In some cases, a resistance reflex is reversed in certain contexts, becoming an ‘assistance reflex’ - causing movement in the same direction as the perturbation. For example, in the crayfish, perturbation of the leg causes a resistance reflex when the animal is standing, but an assistance reflex when the animal is walking.  This phenomenon is called ‘reflex reversal’, where the reflex response to a stimulus changes given the state of the animal.

==Cortical control of posture==
Traditionally postural control was regarded an automatic response to sensory stimuli generated by subcortical structures such as the brainstem and spinal circuits. Since postural responses are generated quickly, without voluntary intent and with less variability than cued, voluntary movements, cerebral cortex was not considered to be involved in postural control. However, current evolving evidence from numerous neurophysiological and neuroimaging studies (as given below) suggest cortical involvement in postural control and maintenance of balance.

=== Neurophysiological studies ===
An initial postural reaction on exposure to an external perturbations was shown to be generated by the brainstem and spinal cord in animal and human studies (short latency mono or polysynaptic spinal loop 40-65ms) followed by the later part of the reaction which is modified by direct transcortical loops (long latency loops, ~132 ms). Cerebral cortex via cerebellum which helps in adapting by using prior experience or via basal ganglia which helps generating a response based on the current context, modifies the postural response.

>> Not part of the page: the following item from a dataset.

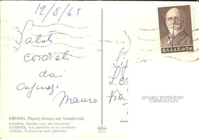 old postcard Athen Griechenland Teilansicht Lykabette postalisch gelaufen Erhaltung siehe scans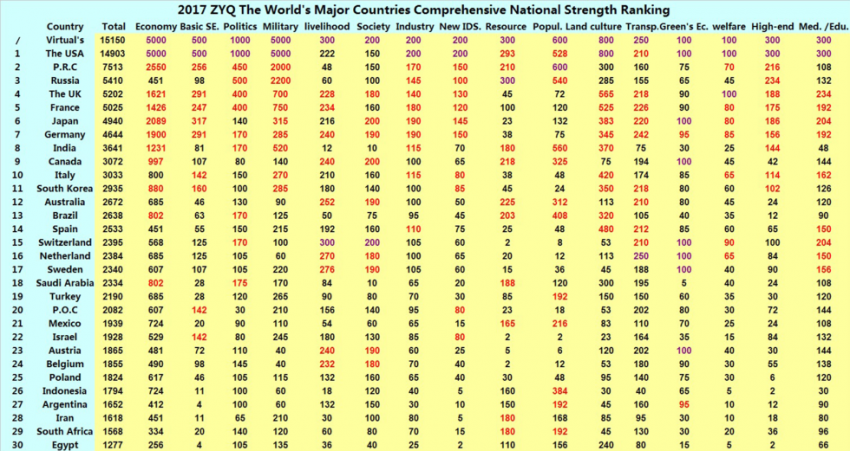 経済は半分以下だね項目をポイント化して国力順位を決定する行為。

=== Neuroimaging studies ===
Various functional neuroimaging techniques such as Functional near-infrared spectroscopy, Functional magnetic resonance imaging, and Positron emission tomography have been used to elucidate cortical control in static and dynamic postures. Using PET, Ouchi Y et al. 1999 evaluated mechanisms involved in bipedal standing and confirmed the pivotal contribution of cerebellar vermis in maintenance of standing posture and further suggested involvement of the visual association cortex in controlling postural equilibrium while standing. Mauloin et al. 2003 using PET studied motor imagery of locomotion under four conditions and confirmed supraspinal control in locomotion by demonstrating activation in the dorsal premotor cortex and precuneus bilaterally, the left dorsolateral prefrontal cortex, the left inferior parietal lobule, and the right posterior cingulate cortex. There was increased engagement of higher cortical structures noted with increase in demands of locomotor tasks.

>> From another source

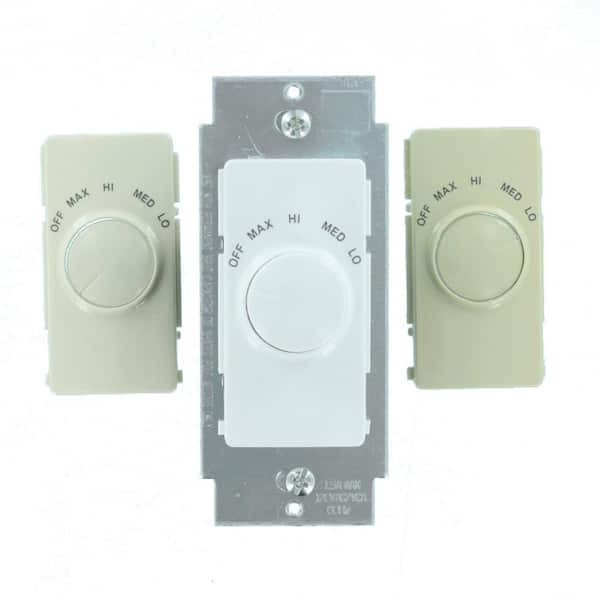 1.5 Amp Decora Single Pole Rotary Step Fan Speed Control, White with Ivory and Light Almond Color Faces Included

Using FMRI, Jahn et al. 2004 studied the activation pattern with three imagined conditions and found that standing was associated with activation of the thalamus, basal ganglia, and cerebellar vermis.

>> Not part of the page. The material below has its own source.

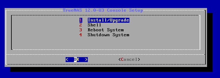 Vervolgens gaan we TrueNAS op die pc installeren. Zoals gezegd kan dat desnoods op een usb-stick (die moet je dan eveneens ingeplugd hebben), maar loopt het veel lekkerder op een harde schijf of ssd.

Using FNIRS, Mihara M et al. 2008 studied activation related to external perturbation and suggested prefrontal cortex to be involved in adequate allocation of visuospatial attention. Zwergal A et al. 2012 studied role of aging on activation pattern in standing and found more activation in bilateral insula, superior and middle temporal gyrus, inferior frontal gyrus, middle occipital gyrus and postcentral gyrus suggesting decreased reciprocal inhibition of these areas.